■ MATERIAL SUPPLIED ■
Segment Open

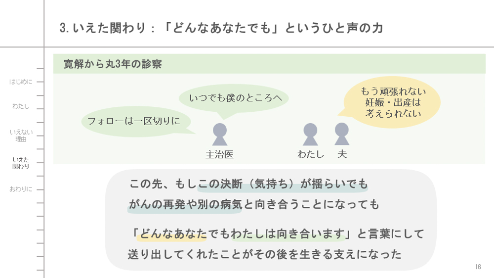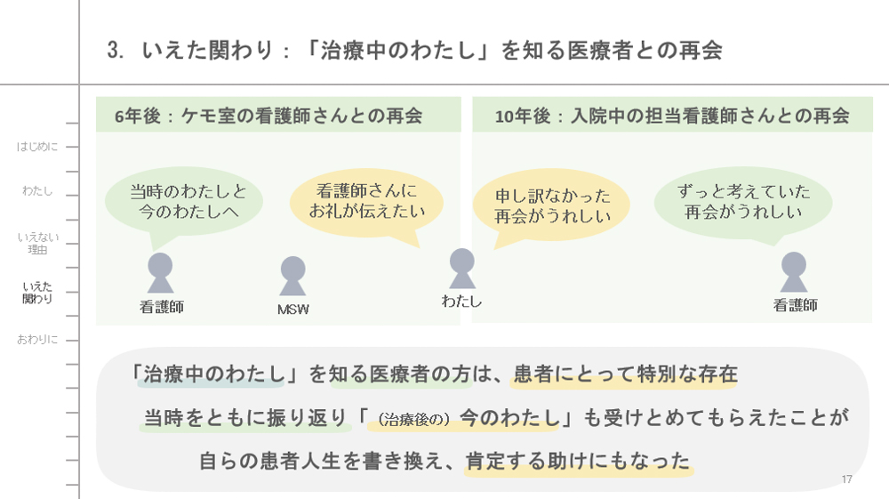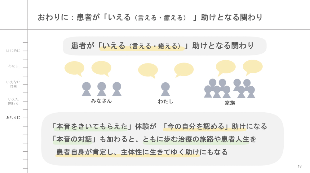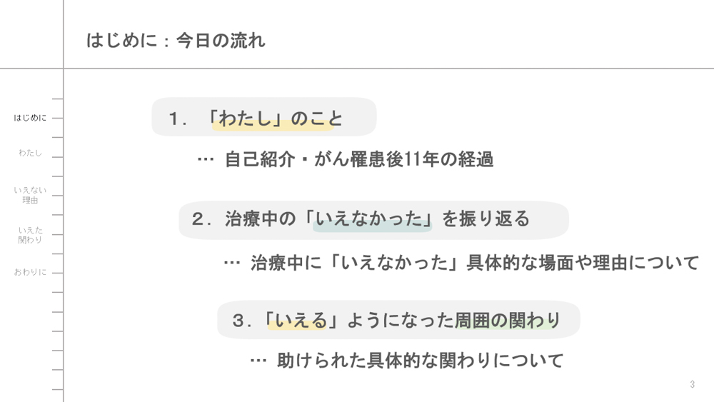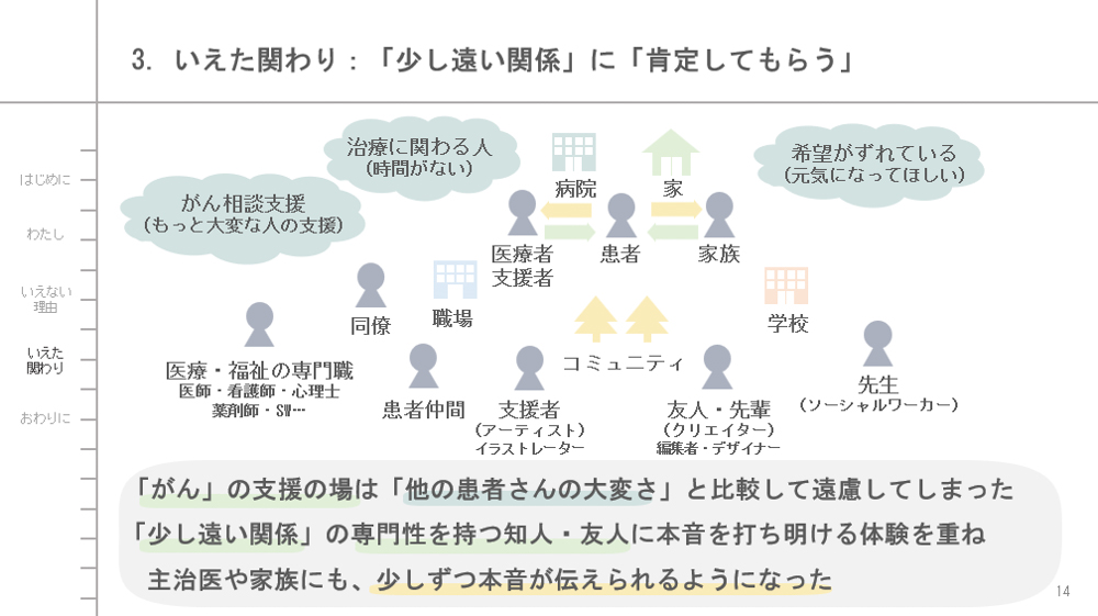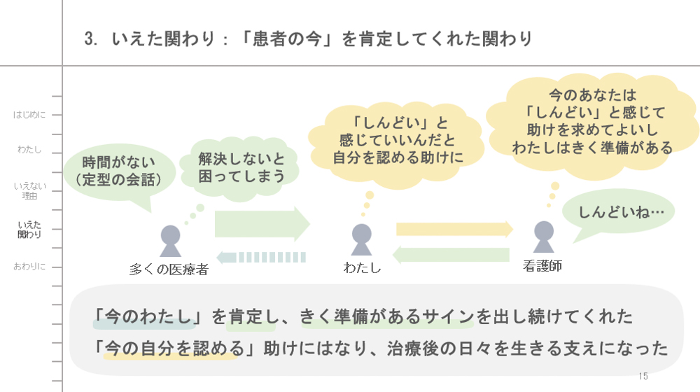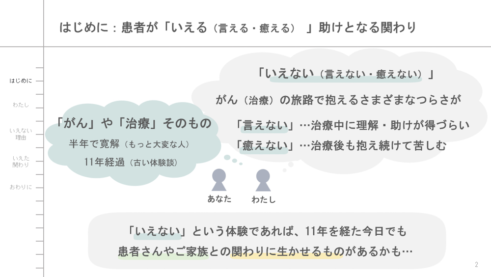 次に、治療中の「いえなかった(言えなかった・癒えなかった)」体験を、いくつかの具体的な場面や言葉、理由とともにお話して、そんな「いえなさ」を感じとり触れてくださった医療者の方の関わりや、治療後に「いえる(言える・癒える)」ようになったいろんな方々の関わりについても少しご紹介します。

Segment Closed
Segment Open

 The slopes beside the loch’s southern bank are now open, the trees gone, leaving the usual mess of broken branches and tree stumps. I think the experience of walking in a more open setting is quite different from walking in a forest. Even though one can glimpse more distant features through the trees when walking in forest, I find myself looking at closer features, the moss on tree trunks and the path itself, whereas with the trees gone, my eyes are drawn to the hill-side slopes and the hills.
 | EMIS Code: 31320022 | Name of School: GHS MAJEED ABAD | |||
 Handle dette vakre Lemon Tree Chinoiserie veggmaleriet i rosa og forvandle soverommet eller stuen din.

Segment Closed

■ WORK TO BE COMPLETED ■
Could you return exactly the stretch of the data above that starts at the line with "MAJEED ABAD | |||" and ends at the line with "Handle dette vakre", both lines included?

■ EXERCISE RESPONSE ■
 | EMIS Code: 31320022 | Name of School: GHS MAJEED ABAD | |||
 Handle dette vakre Lemon Tree Chinoiserie veggmaleriet i rosa og forvandle soverommet eller stuen din.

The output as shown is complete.